Bug #5: Token Efficiency

Status: RESOLVED in v3.5.0 - v3.7.0 Category: Token Optimization Severity: High (Cost impact) Resolution Date: 2025

Working with Claude Desktop on enterprise projects consumed enormous amounts of tokens. A typical 2-hour coding session could use 2+ million tokens (~$6-7 USD), making intensive AI-assisted development prohibitively expensive.

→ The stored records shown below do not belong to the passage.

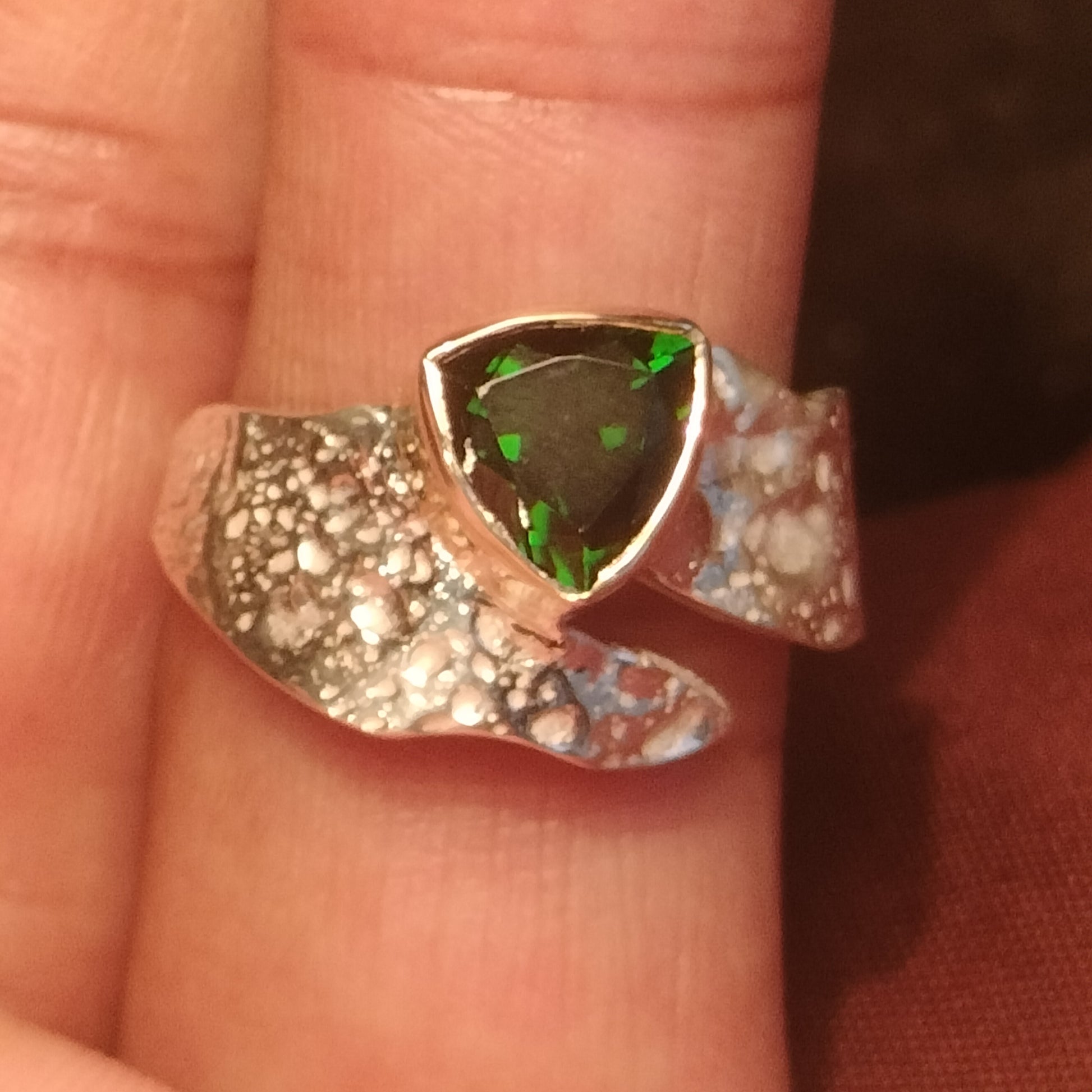 Sterling Silver and 14k Gold chrome Diopside Ring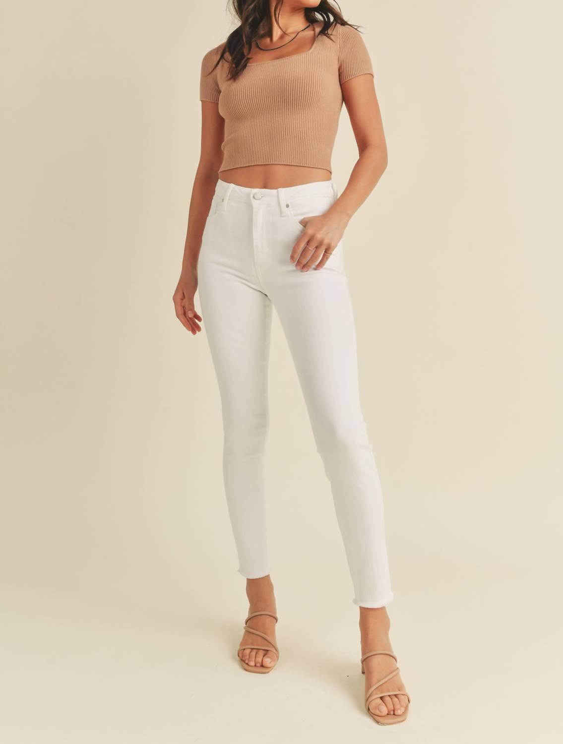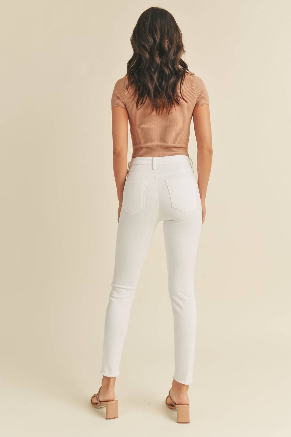 Todo mundo precisa de um bom par de jeans skinny e esse é um estilo que você vai usar sempre, não importa a estação. Um jeans skinny atemporal e perfeito com bainha desfiada para um acabamento muito querido, este jeans é perfeito para qualquer época do ano e a parte inferior com franjas adiciona o toque extra perfeito. Detalhes do produto: Jeans branco. Mini bainha desfiada. Bolsos. Fecho de zíper. Ajuste - Fiel ao tamanho. Modelo - Beth tem 1,68 m, tamanho 6 e veste tamanho 29. Tamanhos - 27, 28, 29, 30, 31. Tecido - 72% algodão, 22% modal, 7% T400, 2% lycra. Cuidados sugeridos - Lavar à máquina em água fria. Cores escuras separadamente, não usar alvejante! Pendurar ou secar no varal. Passar em temperatura baixa. Lavar a seco, se necessário.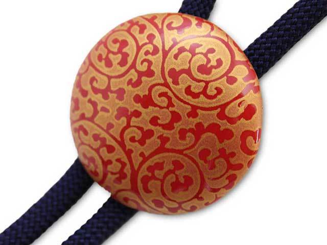 有田焼ループタイ 赤金唐草 丸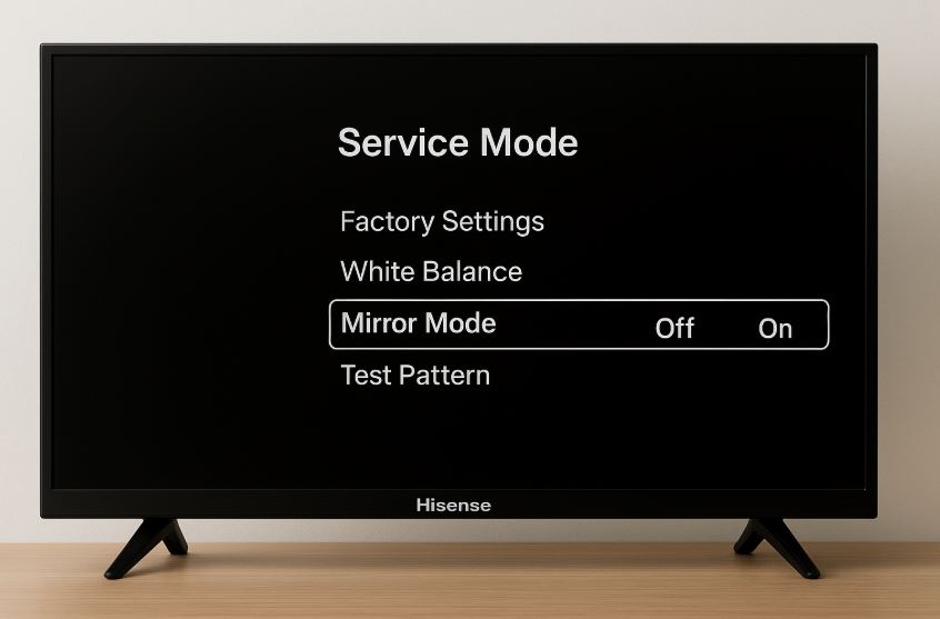 Người dùng vô tình bật chế độ kỹ thuật (Service Mode): Một số dòng tivi Hisense có tính năng “Mirror Mode” – nếu bật nhầm sẽ khiến hình bị lộn ngược.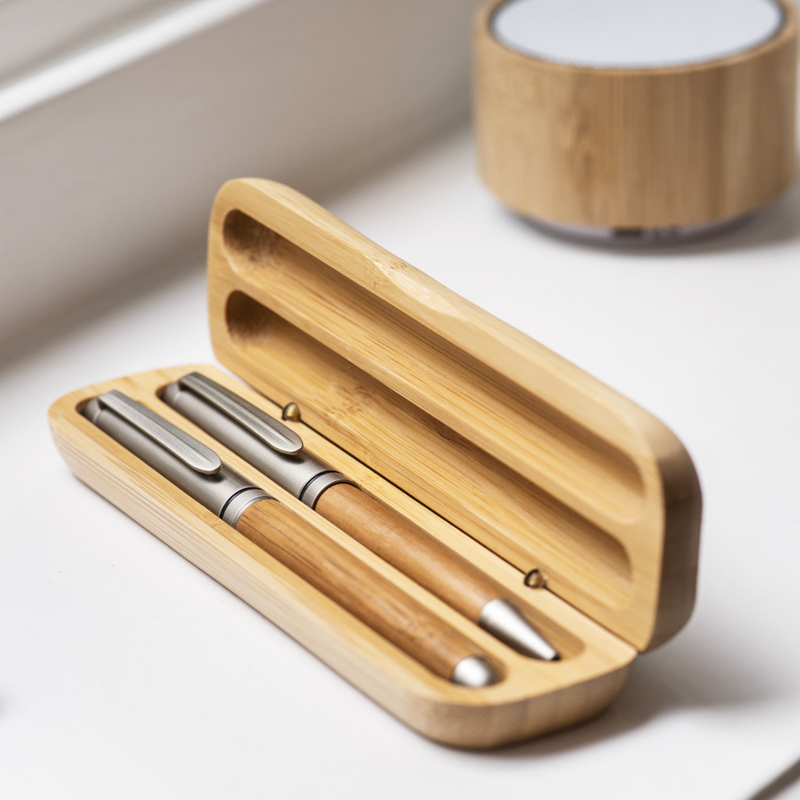 2–Delige schrijfset bestaande uit een bamboe/metalen balpen en rollerbal, blauwschrijvend, met metalen tip en clip, in een bijpassende cassette.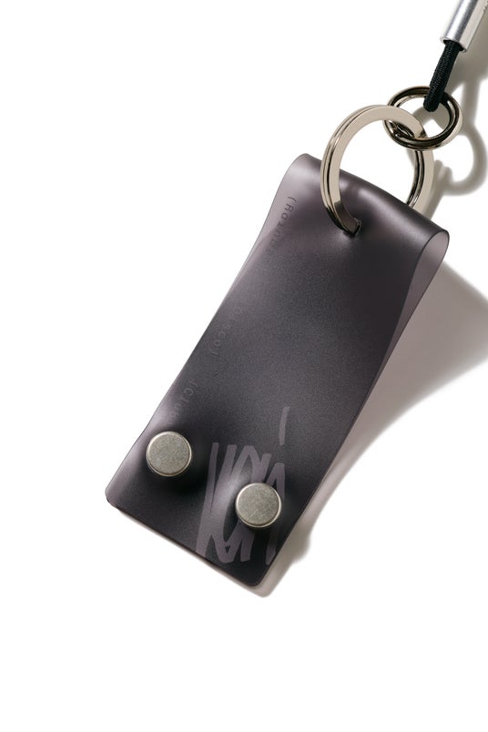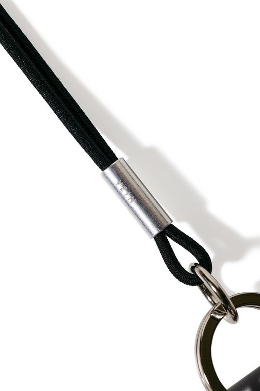 ストラップには伸縮性を備えたラバー素材を採用し、首に掛けたままでもフレキシブルにご使用いただける設計のキーホルダー。
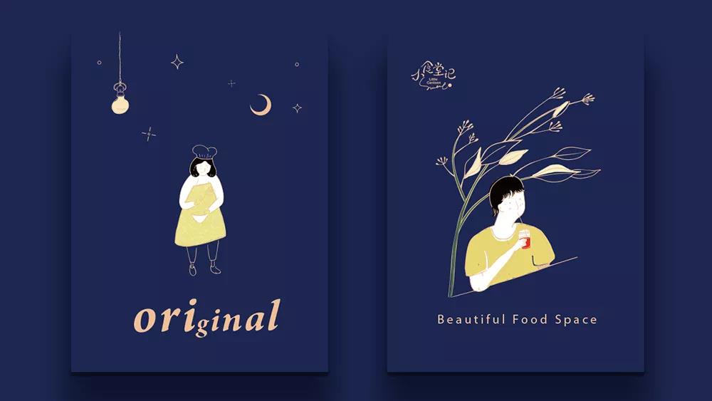 品牌VI以手繪風(fēng)格的插畫為主,構(gòu)建出烹飪和用餐的場(chǎng)景,再使用線稿和色塊的融合,清新又簡(jiǎn)約,形成獨(dú)特的、趣味感十足的品牌個(gè)性,讓人印象深刻、過(guò)目不忘。海報(bào)的設(shè)計(jì)用了品牌主色調(diào)深藍(lán)色作為背景,搭配鮮艷明亮的色塊、精致的線稿,深藍(lán)色減去了插畫多余的甜膩感,低調(diào)沉穩(wěn)中又帶有一絲活潑和趣味,色彩反差對(duì)比使畫面更顯精致。

  1. Verbose output: Every file listing, search result, and operation returned formatted, human-readable output with headers, separators, and decorations
  2. Full file operations: No way to read/write portions of files - always entire content
  3. No caching: Repeated reads of the same file consumed tokens each time
  4. Wasteful patterns: AI agents read entire files to make small changes
OperationTokens UsedCost at Scale
List directory (50 files)~2,500 tokensAdds up fast
Read 5,000-line file~125,000 tokensExpensive
Write same file back~125,000 tokensVery expensive
Single edit cycle~250,000 tokensUnsustainable

A single read-modify-write cycle on a large file could cost 250,000+ tokens.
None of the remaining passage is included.